All these limitations could be overcome by changing the way that the
JVM deals with inner classes at runtime. So far, no such change has been
made, presumably because it would be difficult to keep the JVM
backwardly-compatible with earlier compiled code. Moreover, it's possible
that any plans in that direction could be overtaken by the current
work on
closures.
Where closures fit into all this
It seems very likely that the way in which anonymous inner classes are
predominantly used reflects the fact that Java had for a long time no
support for
closures as first-class language elements.
Many of the things that
we do, in a rather ungainly way, with inner classes can be done in a more
elegant way with closures. In this
context, a closure is a code block that can be manipulated as an independent
language element.
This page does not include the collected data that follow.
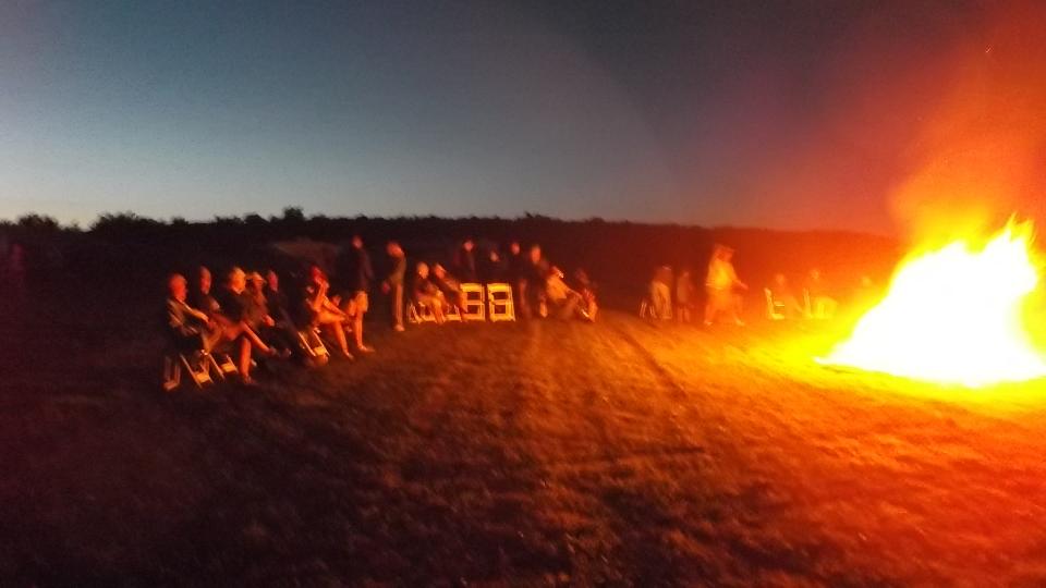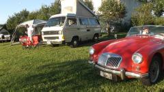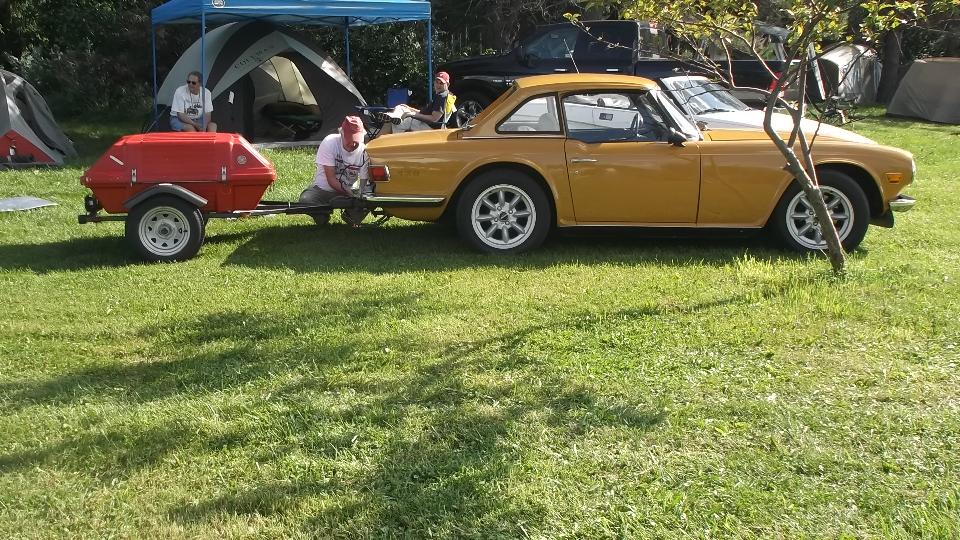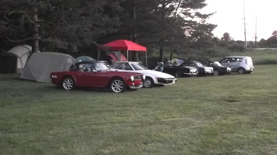 The rest of the day was a treat, from noonish on, kicking round The Roadster Factory grounds socializing with lots of other British car owners, kicking tires, impromptu tech sessions, another things that British car owners do in the presence of a hundred or so other British cars and their owners. Night fall brought on a large bonfire and a "Bed sheet Drive-In Movie". Sometime after Midnight we finally hit the sheets.
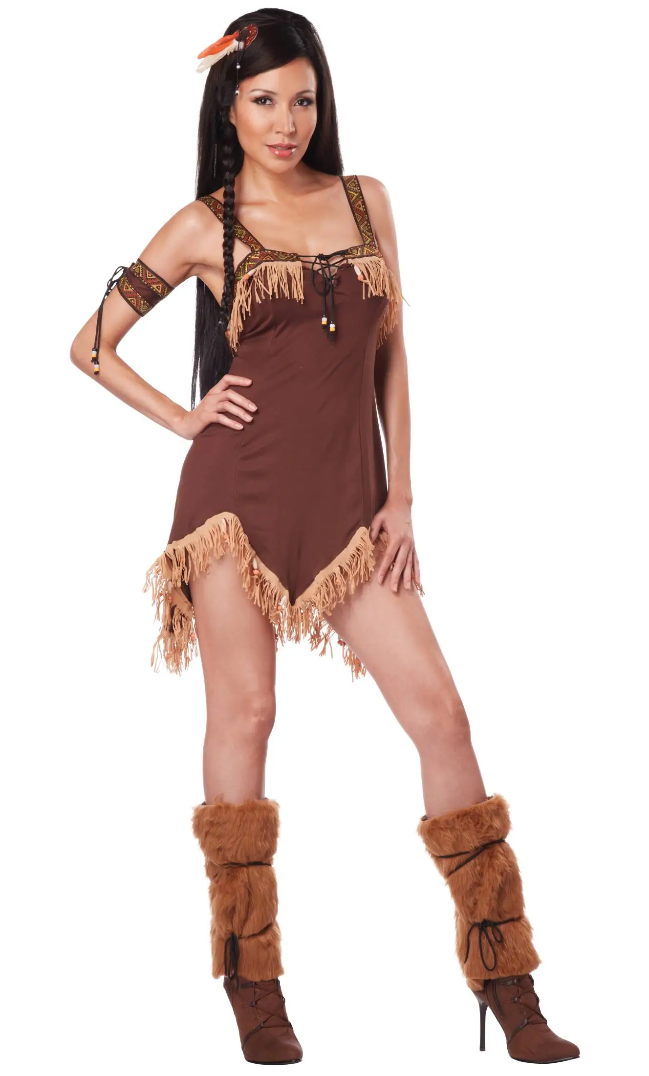Costume d’indienne pour femme. Un déguisement composé d’une robe avec franges, d’un tour de bras, de jambières et d’une pince pour cheveux.
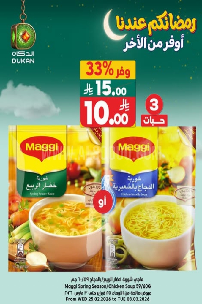 عروض الدكان اليوم 25 فبراير 2026 الموافق 8 رمضان 1447 رمضانكم عندنا أوفر من الاخر . استعد لخصومات مذهلة وصفقات لا تقبل المنافسة تسوق منتجاتك المفضلة بأسعار لا تقاوم.
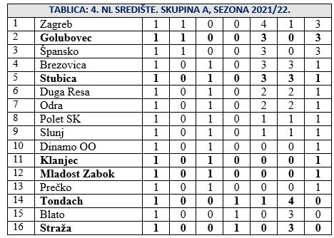 4. NL – središte A 1. kolo: Golubovec – Straža 3:0
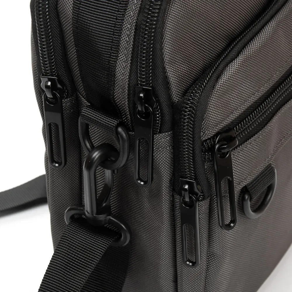 Два отделения, закрываются на молнии. Внутри отделений есть боковой карман на молнии и открытый карман. Снаружи сумки на обратной стороне находится карман на молнии.

With closure support, our original threading example
code could be
re-written something like this:
public class Test
{
public static void main (String[] args)
{
int ticks = 0;
new Thread
(
{ () -> while (true) { System.out.println (ticks++); }
).start();
System.out.println ("Thread started; carrying on...");
}
}
In this example (which may, or may not, ever work in Java), I've
passed an anonymous block of code to the constructor of
Thread
,
which stores it, and invokes it when its
start()
method is called.
It's not hugely more elegant than the anonymous inner class example but, to be
fair, this isn't really the kind of situation that closures are intended
to simplify.
Closing remarks
The limitations of anonymous inner classes can readily be understood, not
as the result of theoretical decisions in programming language theory, but
expediencies that follow from the implementation strategy. Whether the
introduction of closures into the language will eventually
change any of these limitations remains to be seen.